Reading enjoyment has been found to have a positive relationship with reading comprehension (Schiefele et al., 2012). This correlation may be due to a number of factors. Most commonly, the correlation between enjoyment and achievement has been linked to the idea that students in third through fifth grade who are better readers will find reading more enjoyable (Cox & Guthrie, 2001). However, it has been noted that some students with high levels of literary attainment find reading less enjoyable due to the added amount of stress placed on the need to excel (Goetz, Hall, Frenzel, & Pekrun, 2006). Even so, after controlling for several other factors, enjoyment of reading remained a strong predictor of academic success in high school students in the Program for International Student Assessment (PISA) dataset (L. A. Clark & de Zoysa, 2011).

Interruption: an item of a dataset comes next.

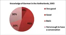 وهناك تقليد تعلم اللغات الأجنبية في هولندا: فنحو 89 ٪ من مجموع السكان لديهم معرفة جيدة باللغة الإنجليزية، و70٪ ألمانية و29٪ فرنسية، و5٪ إسبانية.

Reading enjoyment also has been found to be a positive predictor of persistence in reading. In particular, the level to which a student enjoys reading serves as a moderator of the relationship between a student’s self-efficacy and the amount of time that they spend reading (L. A. Clark & de Zoysa, 2011). In a study of struggling adolescent readers, Neugebauer (2014) found that fifth-grade students who claimed to enjoy reading or who claimed to at least enjoy the topics which they were reading were more likely to spend time engaged in that activity.

Similar Instruments

As demonstrated by the literature cited above, reading attitudes are important and have educational consequences for all learners and, thus, warrant more extensive study. However, many of the current scales focus on adolescent readers, with few scales measuring reading attitudes in the intermediate school years. Using scales developed for older students does not work well for younger students as the format of the questions is typically not familiar nor is the wording or vocabulary appropriate for the knowledge base of young readers, which leads to biased or inaccurate measurement of the constructs (Kazelskis et al., 2005). Although not always advisable, some studies of Grades 3 to 5 students have had to adapt scales developed for older students to obtain information about reading attitudes.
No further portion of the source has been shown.